Другой вопрос, являются ли такие особые пограничные состояния, которые мы проходим сейчас, только лишь исключениями и все через несколько лет вернется на круги своя и мы так же спокойно будем опять верить маститым теоретикам, либо мы будем переживать системный кризис, в том числе и в анализе права, который глубоко отразится на наших и последующих представлениях о праве.

Совершенно понятно, что необходимо рассмотреть несколько проблем, связанных с текущей пандемией, которые встают перед теоретиками права и как нельзя лучше отражают тот хаос и сумятицу, которая с нами происходит. Можно ли сказать, что сейчас невозможно рационализировать и теоретизировать право, или все же можно найти общие контуры понимания того, что с нами происходит? Пожалуй, кризис заключается еще и в том, что рациональность как таковая сама по себе наука, сам по себе академический стиль как будто бы не соответствует духу нашего времени. Но, с другой стороны, может быть, именно возможность успокоиться и не терять голову дается именно теоретикам.
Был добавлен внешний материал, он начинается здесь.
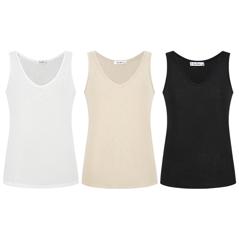 MosesQueen魔西女王米白色棉麻吊带背心夏季外穿宽松内搭v领上衣
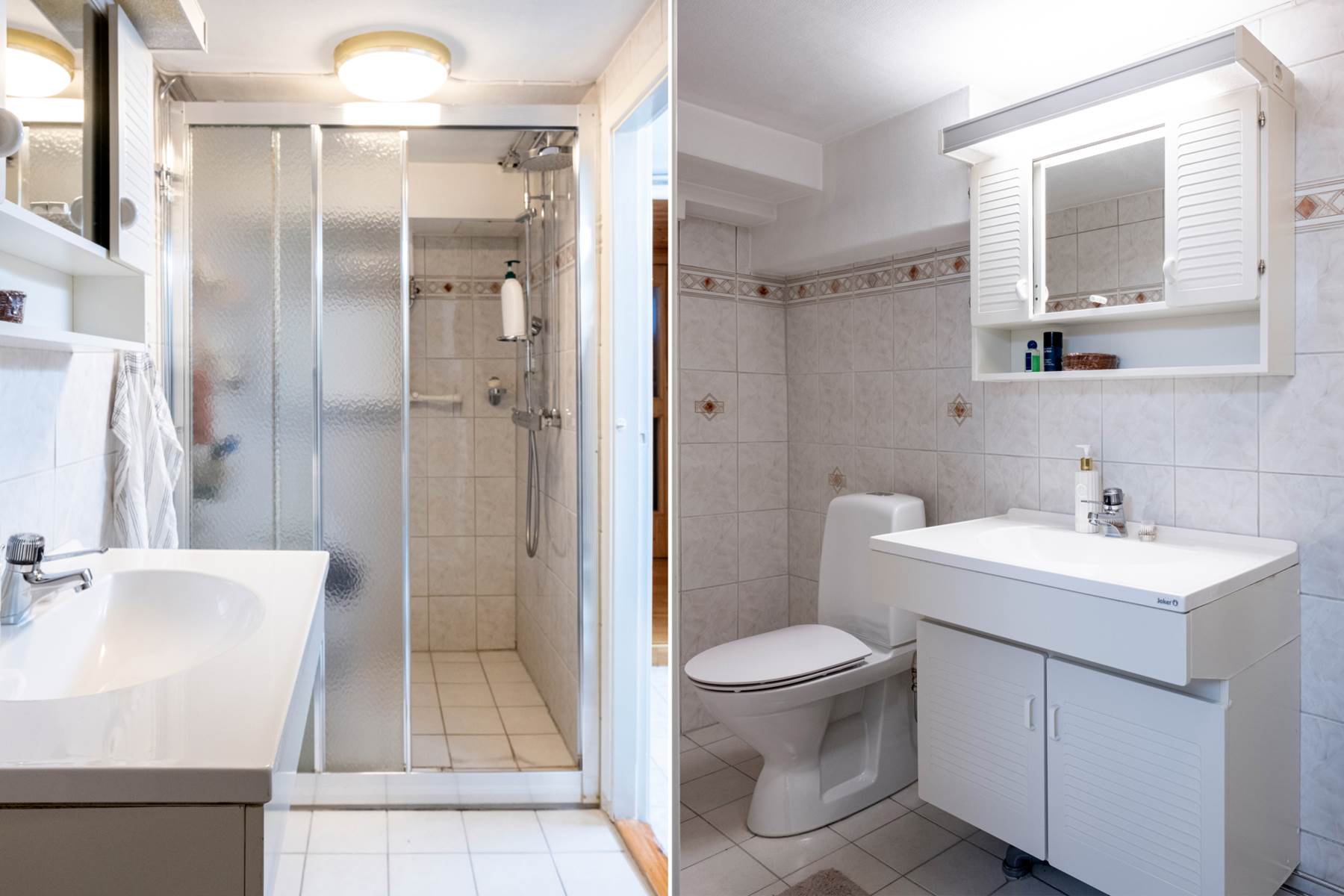 Ljust helkaklat badrum med stor duschplats, WC, handfat i kommod samt skåp med spegel och belysning.
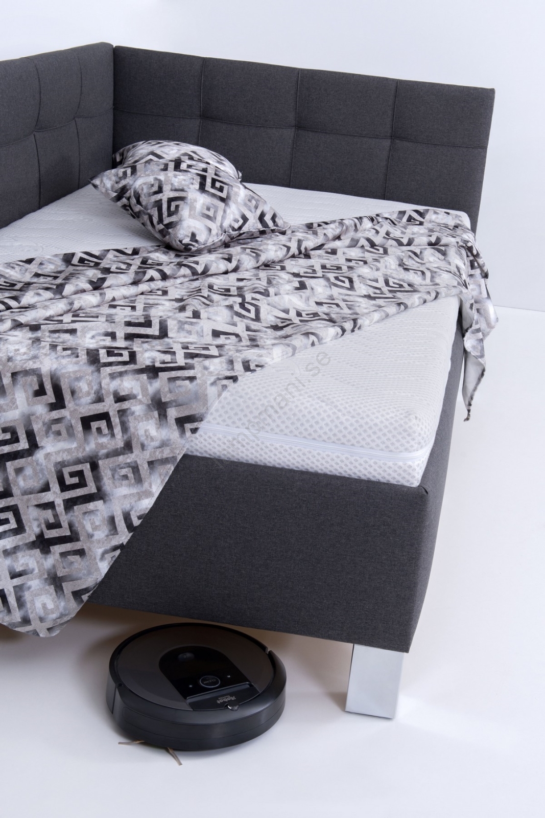 • Stabila och stilfullt utformade ben i krom, 15 cm höga, förstärker inte bara sängens moderna utseende utan möjliggör även enkel städning utan problem även med hjälp av robotdammsugare.
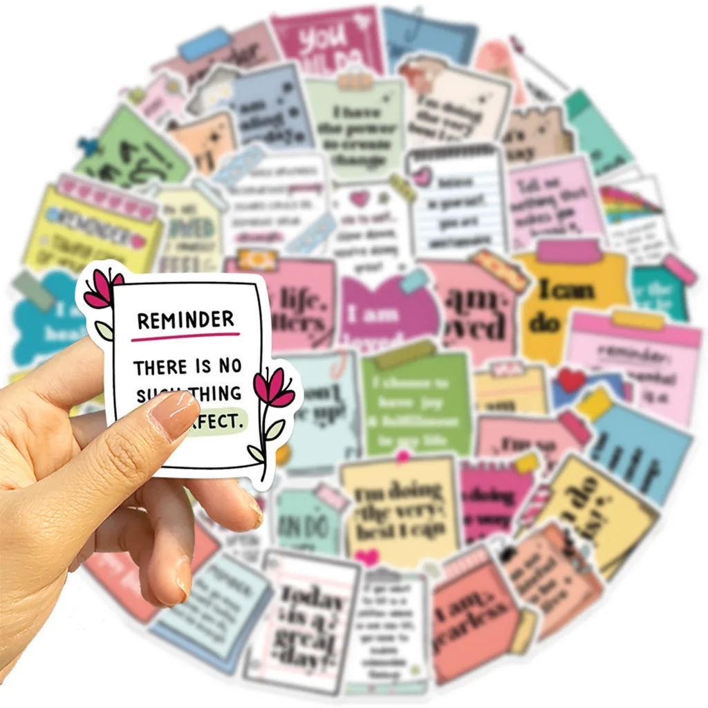 This affirmation sticker pack is like a tiny pep talk for all the places you look every day. Filled with uplifting, motivating designs, these waterproof stickers are perfect for laptops, water bottles, notebooks, helmets, bikes, pencil cases, and anywhere that could use a little better energy. They bring the kind of positive, feel-good vibe that makes everyday stuff look more personal and a lot less boring. Great for students, planners, journal lovers, gift baskets, and anyone building a life that runs on coffee, hope, and sticky little reminders. The waterproof finish makes them practical for daily use, while the encouraging messages do all the heavy lifting in the mood department. They are perfect for decorating your workspace, brightening your routine, or giving your everyday essentials a little more intention.
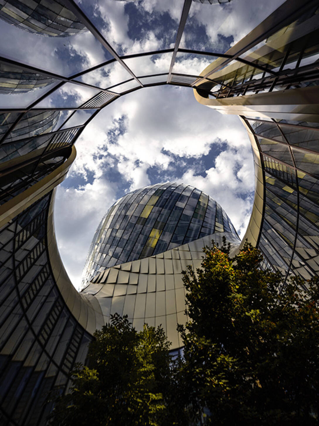 L’édifice de 9 000 m3 de béton repose sur 300 pieux en béton descendant jusqu’à 30 mètres de profondeur. La structure est recouverte de 918 panneaux de verre de trois couleurs : vert clair, gris (teinté dans la masse) et doré, et de 2 300 panneaux d’aluminium de tailles différentes. Sa façade est constituée de panneaux de verre sérigraphiés et de panneaux d’aluminium laqués irisés perforés. La tour culmine à 55 mètres.

Таким образом, в качестве иллюстрации своих общих вводных тезисов я рассмотрю несколько проблем, которые я понимаю как текущие теоретико-философские насущные проблемы.

Текущую экстраординарную ситуацию комментируют уже представители многих наук. Однако дать теоретико-правовой комментарий или теоретико-правовое осмысление происходящего весьма сложно. Возможно, несколько проще представителям отраслевых правовых наук. И, пожалуй, это неслучайно в том смысле, что, прежде всего, юрист-отраслевик настроен на некий отраслевой комментарий в рамках конкретной отрасли, в рамках, возможно, догматического осмысления или комментирования уже существующего законодательства. Но на самом деле здесь есть и серьезная философско-правовая и теоретико-правовая проблема. Но, тем не менее, как мне кажется, теория права или философия права в этом смысле находится в наиболее сложной ситуации. У них, скорее всего, нет задачи комментировать конкретный правовой акт или комментировать правоприменение. Но перед теорией права здесь стоят серьезные вопросы. С одной стороны, теория в ее нынешнем интеллектуальном состоянии в России – не побоюсь этого утверждать – в ее таком среднем постсоветском формате, скорее всего, просто не способна комментировать подобные ситуации. Классические словосочетания типа «правоотношения», «источники права» и прочие как будто не проливают свет на то, что с нами начало происходить и происходит сейчас. Таким образом, теория и философия права здесь по сравнению с другими отраслями права находится в особом затруднении.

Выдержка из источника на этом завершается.